Josef Wiegler wollte es genauer wissen. „Was meinen Sie mit Beobachtungen anstellen?“
Schon ärgerte er sich, das erwähnt zu haben, als ihm Jennifer Haller aus der Patsche half: „Ist doch klar, die Typen, die er beschreibt, muss er doch kennenlernen, ihr Handeln, ihren Charakter und so.“ Dabei sah sie Jonas Bogner an, als erwarte sie eine Bestätigung ihrer Worte. Er kam ihrem Wunsch nach: „Genau so ist es, Frau Haller.“
Josef Wiegler hatte wohl zugehört, schlug nun vor, das Siezen zu lassen und fand allgemeine Zustimmung.
Die Weingläser wurden aufgefüllt. Alle standen auf und stellten sich im kleinen Kreis gegenüber auf. Man stieß die Gläser gegeneinander und trank einen Schluck. Unschlüssig stand man, bis die Frauen die Initiative ergriffen und den fremden Männern einen Kuss gaben. Also Maria Wiegler dem Dieter Haller und ihm und Jennifer Haller ihm und Josef Wiegler. Bei den Letzteren sah er genau hin und glaubte zu bemerken, dass sich deren Münder länger berührten.

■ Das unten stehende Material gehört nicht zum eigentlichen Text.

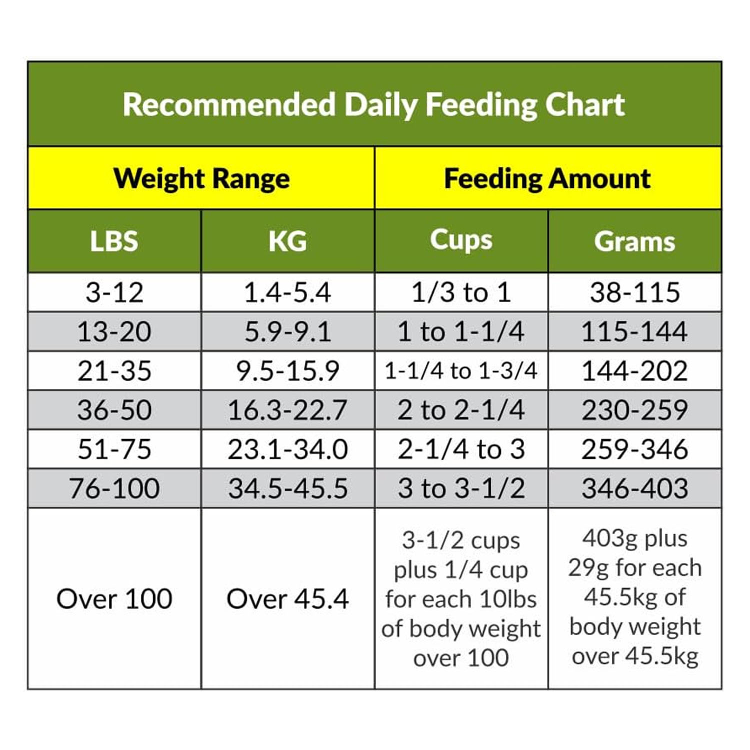 Pet Food Rations at a glance:

Zum Glück schienen sie an Jonas Bogner das Interesse verloren zu haben, sprachen wieder über Belangloses. Man trank Wein und war in gelöster Stimmung. Inzwischen war es dunkel geworden. In der Nähe des Tisches am Ast eines wilden Olivenbaumes spendete eine Lampe ausreichendes Licht.
Jonas Bogner gegenüber saßen Jennifer Haller und Josef Wiegler nebeneinander. Schon dachte er, dass alles nur Einbildung gewesen sei, als er sah, dass sich unter dem Tisch die nackten Füße der beiden trafen, für Sekunden nur in der Berührung verharrten.
Also doch, dachte Jonas Bogner, die Recherche konnte fortgesetzt werden. Immer öfter sah er jetzt auf seine Armbanduhr, in der Hoffnung, dass es bald zehn Uhr wurde, Zeit für ein Treffen mit Vera im Innenhof vor ihren Apartments.